Alors que tout cet arsenal juridique est toujours en vigueur au Rwanda, il est systématiquement ignoré par les nouvelles autorités. Celles-ci cautionnent le squattage des biens d’autrui et diabolisent tout réfugié qu’ils accusent globalement de génocidaire. Pour elles, ce terme vise tout hutu, particulièrement celui qui n’est pas à l’intérieur du pays. Même ceux qui sont à l’intérieur ne sont pas épargnés. Il suffit que votre maison ou votre propriété foncière soit occupée et vous êtes ciblé. Beaucoup de cas d’assassinats, de disparitions et d’emprisonnements arbitraires dont la cupidité constitue le seul mobile ont été signalés. Leurs auteurs n’ont jamais été inquiétés.
5. C O N C L U S I O N :
Qui peut protéger le citoyen rwandais dans l’anarchie et l’arbitraire actuels?
Pourquoi est-ce que beaucoup de rwandais, qu’ils soient hutu ou tutsi, tentent tous de fuir leur pays? La réponse est simple: Toutes les Institutions de l’Etat Rwandais (Gouvernement, Parlement et Magistrature) sont paralysées et contrôlées par l’Armée omniprésente et omnipotente. Ceux qui se font des illusions encore sont obligés de trouver «des individus qui puissent les protéger contre l’arbitraire". Car, c’est le règne de l’arbitraire et de l’absurde au Rwanda. Même le « Système Judicaire » est incapable de protéger les détenus. Les commandants militaires font régner la terreur et l’arbitraire. Les ministres, les parlementaires, les cadres politiques civils du FPR, les fonctionnaires de l’Etat, les autorités administratives, les magistrats, TOUT le monde a peur.
Ils tremblent devant les militaires. Or, ce sont ces structures de l’Etat qui devraient assurer le respect des lois, car ce sont les lois qui régissent un véritable système d’état capable de protéger la société.
L’Etat rwandais, qui n’existe plus qu’en théorie, est incapable de faire respecter les lois et de protéger les personnes et les biens. C’est un Etat qui est en pleine désintégration, car c’est la loi du plus fort ou du plus fou et l’anarchie qui règnent là-bas.
Pour le Centre, MATATA Joseph, Coordinateur.

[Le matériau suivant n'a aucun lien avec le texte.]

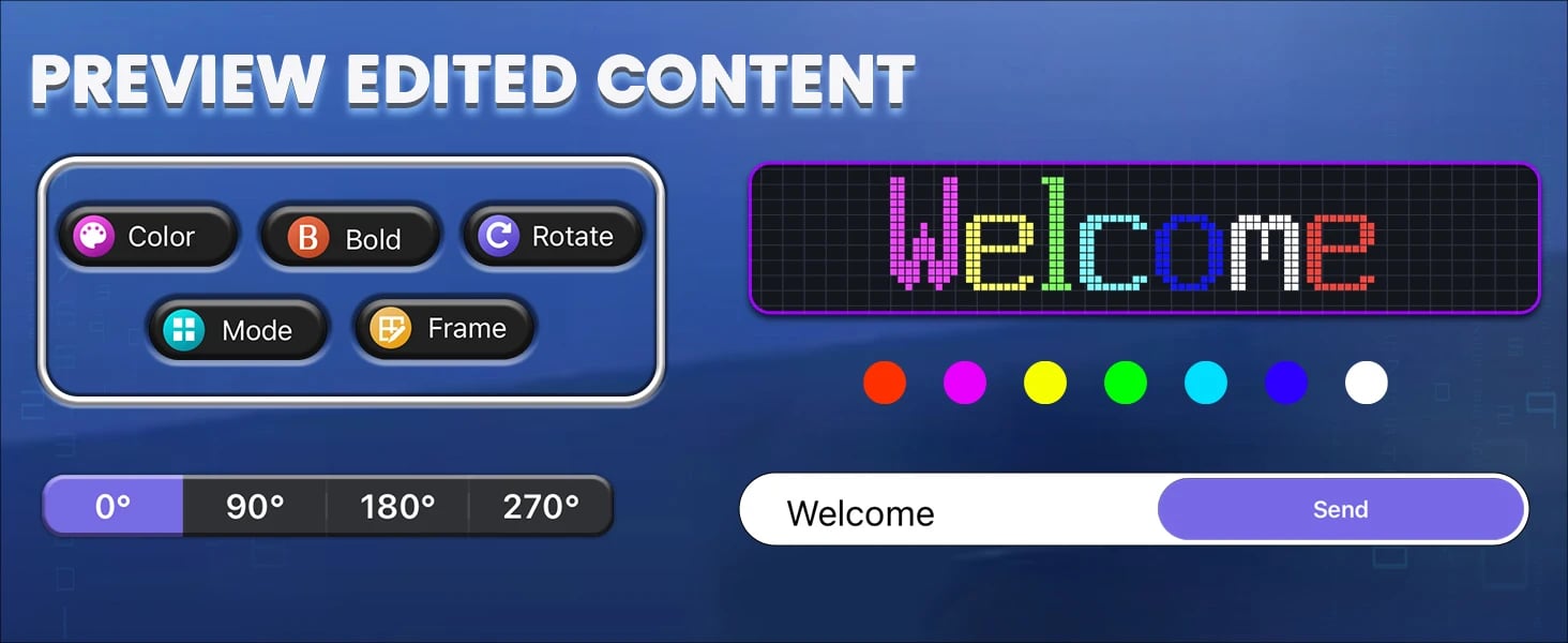 LED sign is controlled by a Bluetooth-connected app, which supports connecting multiple LED displays at the same time, making your store more eye-catching, the app has built-in many interesting modes and animations. Your phone makes it easier to customize fun patterns and text to personalize your store.

(*) Le Centre de Lutte contre l’Impunité et l’Injustice au Rwanda est une association de défense des droits humains basée en Belgique, créée le 18 août 1995. Ses membres sont des militants des droits humains de longue date. Certains ont été actifs au sein d’associations rwandaises de défense des droits humains et ont participé à l’enquête CLADHO/Kanyarwanda sur le génocide de 1994. Lorsqu’ils ont commencé à enquêter sur les crimes du régime rwandais actuel, ils ont subi des menaces et ont été contraints de s’exiler à l’étranger où ils poursuivent leur engagement en faveur des droits humains.